Stefan Lukic (born 1 June 1996) is a Serbian footballer who plays as a midfielder for Northern Colorado Hailstorm in USL League One.

Career

Youth
Lukic was recruited to play with Partizan when he was just 11-year's old. Lukic spent nine of his eleven years at Partizan as captain of the club's various age-group sides. As a youth player, Lukic was linked to top European teams and was close to joining Everton, but the deal collapsed.

College & Amateur
In 2017, Lukic moved to the United States to play college soccer at Oklahoma Wesleyan University.

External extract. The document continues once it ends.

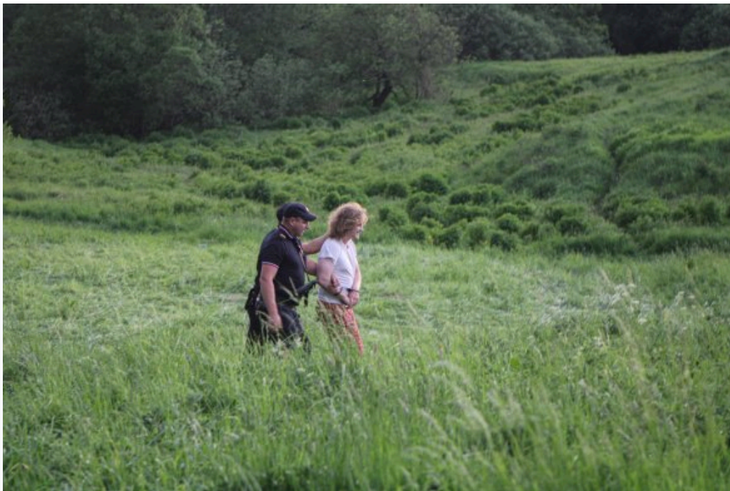
Задержание участников «Хиппятника» в парке Царицыно, 1 июня 2024 год

«Несколько людей в форме там и так „дежурили“, конная полиция своим присутствием еще больше напугала народ, — говорит Олег. — На входе я видел автозаки. Там же стояли и полицейские, которые не разрешали никому входить в парк, только выходить позволяли. А те, что на конях, начали требовать покинуть поляну под тем предлогом, что „Хиппятник“ — это несогласованная акция. Но как это может быть несогласованной акцией, если у мероприятия даже нет никакой четкой программы? Люди приходят из года в год, потому что это традиция. Никакой охраны, ЧОПа в парке я не видел. Администрация помогать людям тоже не спешила».

During his five seasons with the Eagles, including a truncated 2020 season due to the COVID-19 pandemic, Lukic went on appear in 112 matches, scoring 62 goals and tallying 93 assists as one of the Eagles' best all-time scorers. Lukic helped the Eagles reach the NAIA national tournament Final Four in multiple years, earned NAIA First-Team All-America honors every year between 2018 and 2021, the Kansas Collegiate Athletic Conference MVP four times, and was the 2019 NAIA Men’s Soccer National Player of the Year.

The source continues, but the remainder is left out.